In the meantime, check out Johanna Kindvall’s recipe for Pernod and Herb Risotto on Kokblog. As you can see, it’s perfect for using up that little meteorite of Parm that’s been winking at you from the back of the fridge.
Quinoa Apple Spice Cake
From The Culinary Cyclist: A Cookbook and Companion for the Good Life, written by Anna Brones and illustrate by Johanna Kindvall
(Taking the Lane Press, 2013)
1 cup uncooked quinoa
1 cup buckwheat flour
1 large organic apple, peeled and diced
8 tablespoons coconut oil, melted
1 teaspoon baking powder
1 teaspoon baking soda
1 teaspoon sea salt
1/2 cup organic sugar
1 teaspoon cinnamon
1 teaspoon ginger
1/2 teaspoon nutmeg
1 teaspoon real vanilla extract
shredded coconut (I skipped this part)
1. Cook quinoa and set aside. To cook quinoa, bring two cups of water to a boil. Add quinoa and a dash of salt and let simmer for 12-15 minutes, or until water has cooked off.
2. Mix dry ingredients.
3. Melt coconut oil and whisk together with eggs. Add to dry mixture.

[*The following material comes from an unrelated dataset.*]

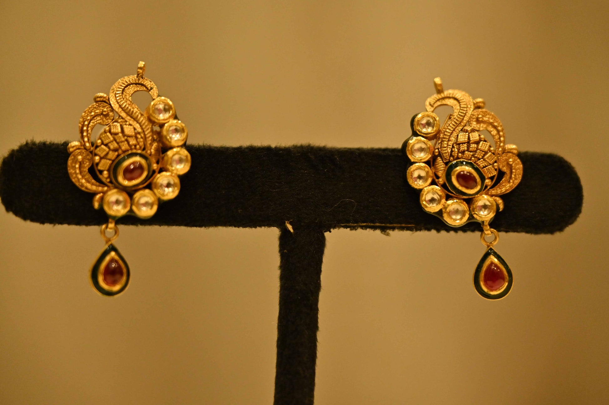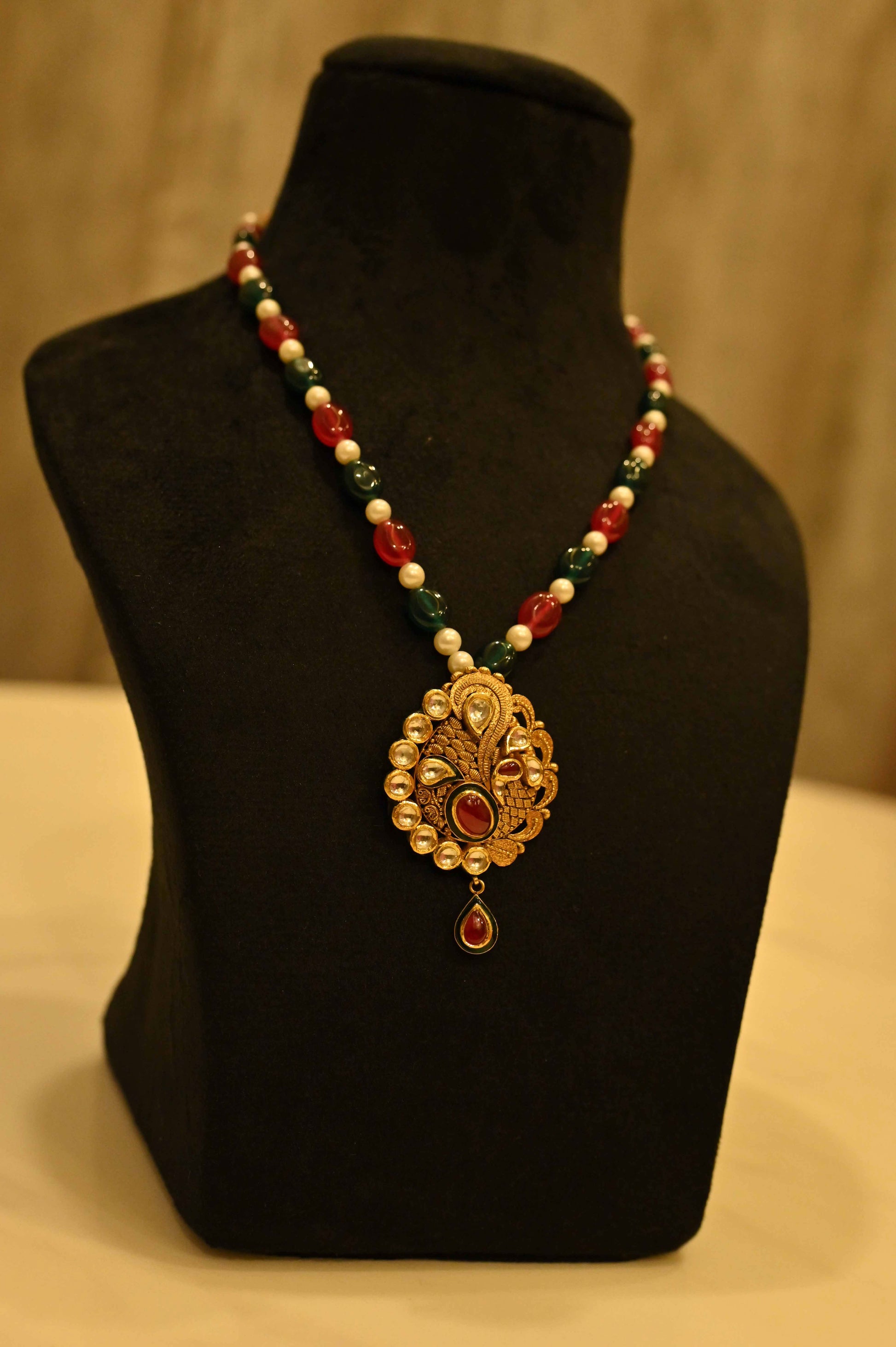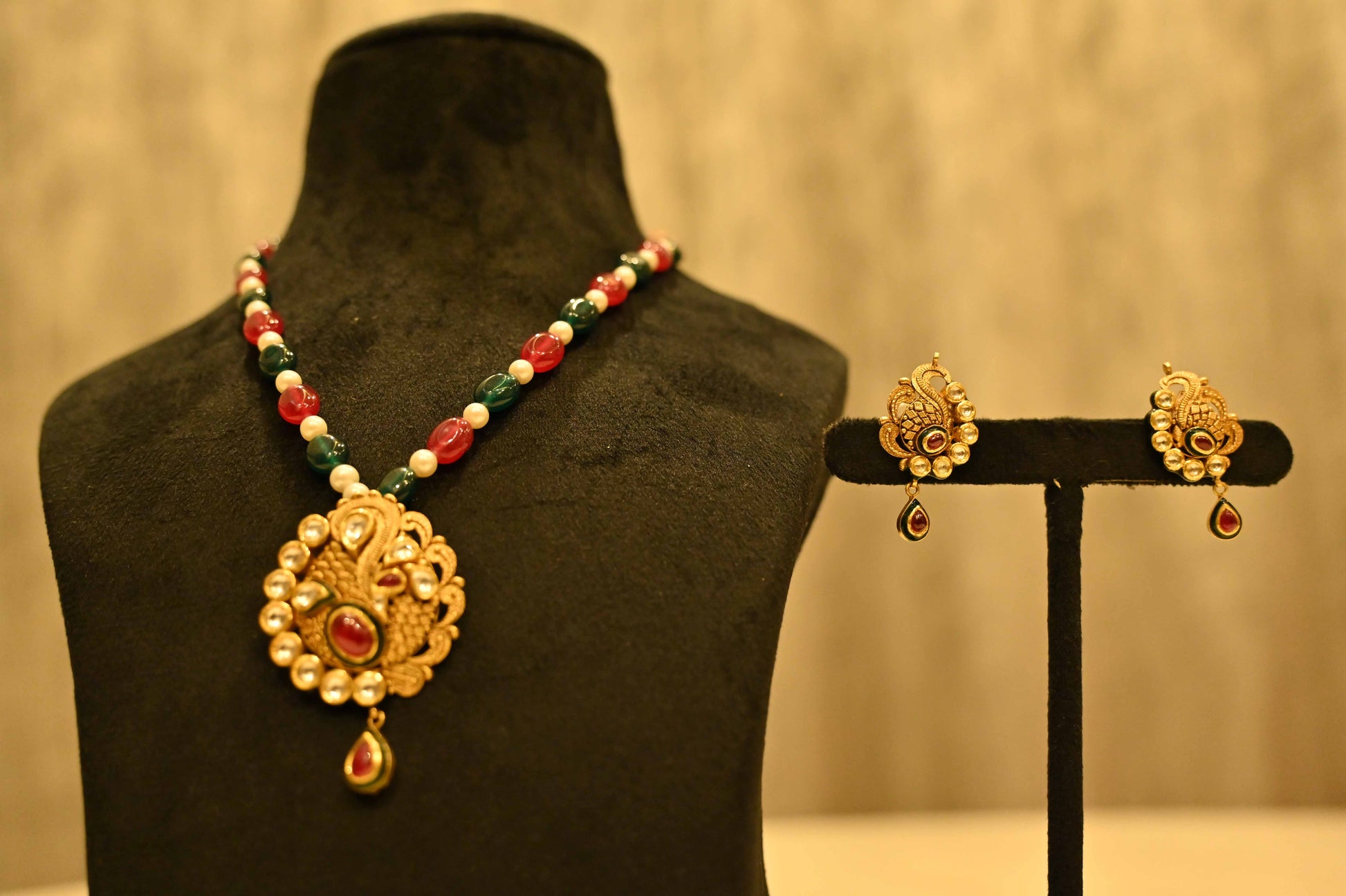 An elaborately handcrafted necklace made in 22K fine gold with uncut imitation polkis and Ruby. Comes with a pair of matching earrings

4. Combine all ingredients, including quinoa, and stir in apple pieces.
5. Grease a 9-inch round pan with coconut oil, cover with a light layer of shredded coconut (I skipped the coconut.) Pour batter in and bake for 30-40 minutes at 350 F or until a knife inserted into center comes out clean.
Note: Anna suggests adding chocolate chips, nuts, candied ginger, or chopped dried figs. I added walnuts and diced candied ginger. Gorgeous.